When reaching the body, the substance will not be easily distributed in body liquids due to its very low water solubility. Based on its low BCF value of 9.1, the substance is very unlikely to bioconcentrate in the human body.

Based on the structure of the molecule and its nature, metabolism in the human body will mainly consist on phase-I and phase-II metabolising steps, leading to better water solubility for excretion. Metabolic activation leading to more toxic metabolites is thus not very likely. This is in compliance with the results obtained in the genotoxic tests showing no effects with and without metabolising system. In addition available studies do not indicate any sex difference with regard to the toxicity of the substance.

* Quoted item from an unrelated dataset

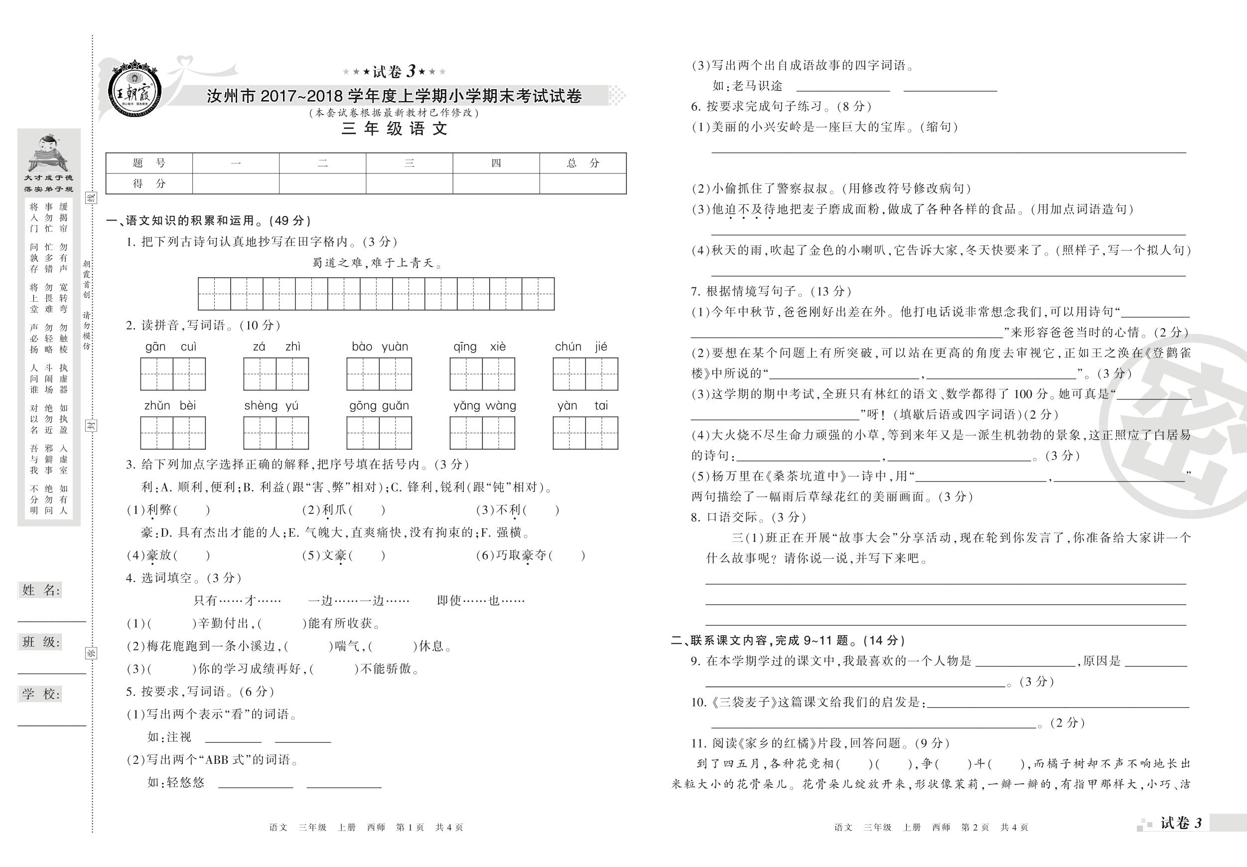 2017-2018学年第一学期汝州市三年级语文试卷(西师版)【3】

Based on the low water solubility and the relatively high logPow value, excretion via the bile is most likely. In addition, as the substance has a molecular weight above 300 g/mol the excretion via the bile is likely, especially if phase-II conjugation takes place e.g. with formation of glucoronid derivates.

Summary

Based on physical-chemical characteristics, particularly water solubility, octanol-water partition coefficient and vapour pressure, no or only limited absorption and bioavailability by the oral, dermal and inhalation routes is expected, which is further supported by the oral and dermal acute and repeated dose toxicity studies results. Bioaccumulation is not likely to occur based on the physical-chemical properties and the determined low BCF value. Excretion is expected to occur most likely via the faeces. No metabolic activation to critical metabolites is expected. No sex differences with regard to toxicity are expected based on data from repeated dose toxicity tests.